Nothing but the lines below from the one holding "6、最終的門數(shù),形式,打開方式嚴(yán)格按照合同要求依據(jù)程力公告生產(chǎn); | ||" up to and including the one holding "In simple terms, Islamic" should be copied, exactly and without pictures.

(Beginning of EXCERPTED RECORDS)

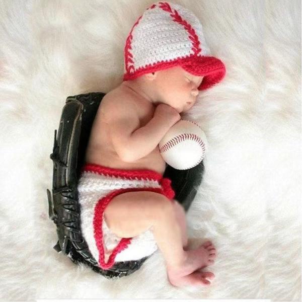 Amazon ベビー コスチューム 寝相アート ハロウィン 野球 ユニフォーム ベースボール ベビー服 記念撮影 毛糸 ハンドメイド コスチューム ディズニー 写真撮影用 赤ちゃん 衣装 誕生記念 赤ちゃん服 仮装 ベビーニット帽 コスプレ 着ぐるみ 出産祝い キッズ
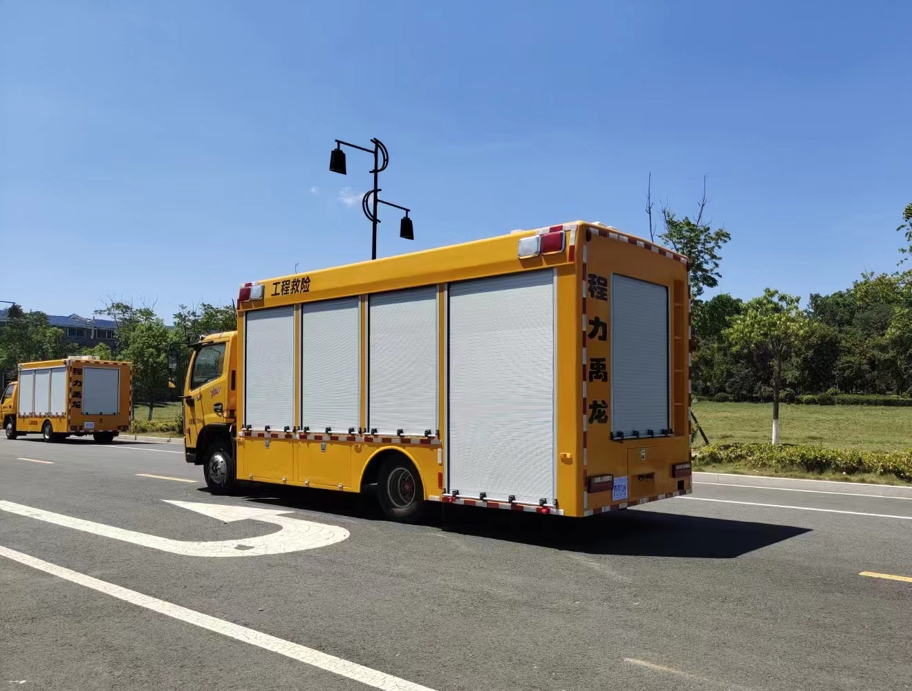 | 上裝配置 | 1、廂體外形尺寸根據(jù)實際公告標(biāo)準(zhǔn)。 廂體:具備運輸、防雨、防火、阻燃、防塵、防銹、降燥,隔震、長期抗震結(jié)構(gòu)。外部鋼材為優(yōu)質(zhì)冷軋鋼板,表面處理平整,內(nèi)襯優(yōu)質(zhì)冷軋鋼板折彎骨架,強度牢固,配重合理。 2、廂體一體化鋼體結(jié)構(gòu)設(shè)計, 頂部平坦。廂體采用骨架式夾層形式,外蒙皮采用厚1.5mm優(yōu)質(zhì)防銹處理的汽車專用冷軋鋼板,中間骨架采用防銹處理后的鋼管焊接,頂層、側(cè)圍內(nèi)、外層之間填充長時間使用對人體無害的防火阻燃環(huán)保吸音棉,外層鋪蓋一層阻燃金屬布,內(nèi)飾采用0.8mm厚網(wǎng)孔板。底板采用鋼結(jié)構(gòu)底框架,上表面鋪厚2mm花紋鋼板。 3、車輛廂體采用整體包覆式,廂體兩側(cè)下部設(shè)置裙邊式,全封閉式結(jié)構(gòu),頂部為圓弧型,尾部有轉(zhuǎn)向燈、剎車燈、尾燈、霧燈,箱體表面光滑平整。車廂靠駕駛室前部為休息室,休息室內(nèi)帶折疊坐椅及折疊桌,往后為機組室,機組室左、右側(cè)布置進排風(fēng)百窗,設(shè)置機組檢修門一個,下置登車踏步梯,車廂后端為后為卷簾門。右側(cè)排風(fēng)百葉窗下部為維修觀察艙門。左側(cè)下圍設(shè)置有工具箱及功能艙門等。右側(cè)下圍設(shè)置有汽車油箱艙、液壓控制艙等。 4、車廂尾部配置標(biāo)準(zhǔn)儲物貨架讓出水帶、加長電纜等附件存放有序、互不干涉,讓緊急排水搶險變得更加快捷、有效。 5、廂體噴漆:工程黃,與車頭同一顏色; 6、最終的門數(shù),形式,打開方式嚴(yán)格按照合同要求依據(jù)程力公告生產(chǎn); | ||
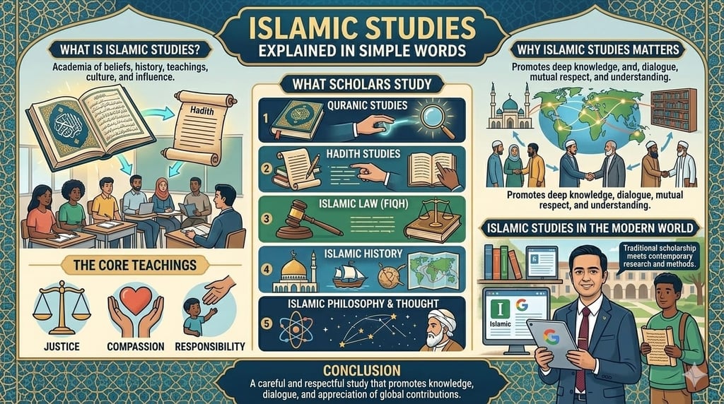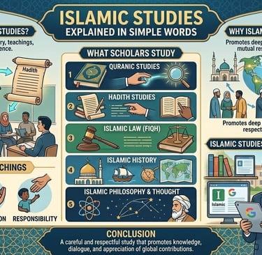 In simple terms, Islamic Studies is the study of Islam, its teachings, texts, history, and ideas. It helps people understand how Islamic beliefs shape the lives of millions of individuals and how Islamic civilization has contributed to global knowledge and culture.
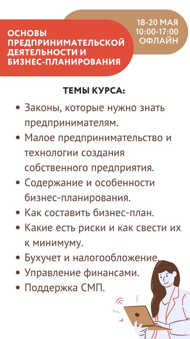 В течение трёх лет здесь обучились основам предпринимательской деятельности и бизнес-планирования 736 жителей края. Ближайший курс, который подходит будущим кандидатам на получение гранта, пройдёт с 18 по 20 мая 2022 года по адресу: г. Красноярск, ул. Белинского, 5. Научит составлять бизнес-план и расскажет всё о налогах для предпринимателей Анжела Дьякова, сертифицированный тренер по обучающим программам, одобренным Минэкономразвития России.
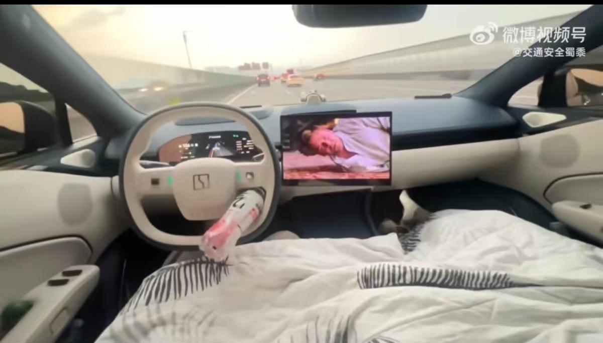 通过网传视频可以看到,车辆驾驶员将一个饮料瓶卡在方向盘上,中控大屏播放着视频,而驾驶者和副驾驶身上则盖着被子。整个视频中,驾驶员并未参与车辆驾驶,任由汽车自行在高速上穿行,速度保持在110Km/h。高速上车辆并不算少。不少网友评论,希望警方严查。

(End of EXCERPTED RECORDS)

» **ANSWER BOX**
 | 上裝配置 | 1、廂體外形尺寸根據(jù)實際公告標(biāo)準(zhǔn)。 廂體:具備運輸、防雨、防火、阻燃、防塵、防銹、降燥,隔震、長期抗震結(jié)構(gòu)。外部鋼材為優(yōu)質(zhì)冷軋鋼板,表面處理平整,內(nèi)襯優(yōu)質(zhì)冷軋鋼板折彎骨架,強度牢固,配重合理。 2、廂體一體化鋼體結(jié)構(gòu)設(shè)計, 頂部平坦。廂體采用骨架式夾層形式,外蒙皮采用厚1.5mm優(yōu)質(zhì)防銹處理的汽車專用冷軋鋼板,中間骨架采用防銹處理后的鋼管焊接,頂層、側(cè)圍內(nèi)、外層之間填充長時間使用對人體無害的防火阻燃環(huán)保吸音棉,外層鋪蓋一層阻燃金屬布,內(nèi)飾采用0.8mm厚網(wǎng)孔板。底板采用鋼結(jié)構(gòu)底框架,上表面鋪厚2mm花紋鋼板。 3、車輛廂體采用整體包覆式,廂體兩側(cè)下部設(shè)置裙邊式,全封閉式結(jié)構(gòu),頂部為圓弧型,尾部有轉(zhuǎn)向燈、剎車燈、尾燈、霧燈,箱體表面光滑平整。車廂靠駕駛室前部為休息室,休息室內(nèi)帶折疊坐椅及折疊桌,往后為機組室,機組室左、右側(cè)布置進排風(fēng)百窗,設(shè)置機組檢修門一個,下置登車踏步梯,車廂后端為后為卷簾門。右側(cè)排風(fēng)百葉窗下部為維修觀察艙門。左側(cè)下圍設(shè)置有工具箱及功能艙門等。右側(cè)下圍設(shè)置有汽車油箱艙、液壓控制艙等。 4、車廂尾部配置標(biāo)準(zhǔn)儲物貨架讓出水帶、加長電纜等附件存放有序、互不干涉,讓緊急排水搶險變得更加快捷、有效。 5、廂體噴漆:工程黃,與車頭同一顏色; 6、最終的門數(shù),形式,打開方式嚴(yán)格按照合同要求依據(jù)程力公告生產(chǎn); | ||
 In simple terms, Islamic Studies is the study of Islam, its teachings, texts, history, and ideas. It helps people understand how Islamic beliefs shape the lives of millions of individuals and how Islamic civilization has contributed to global knowledge and culture.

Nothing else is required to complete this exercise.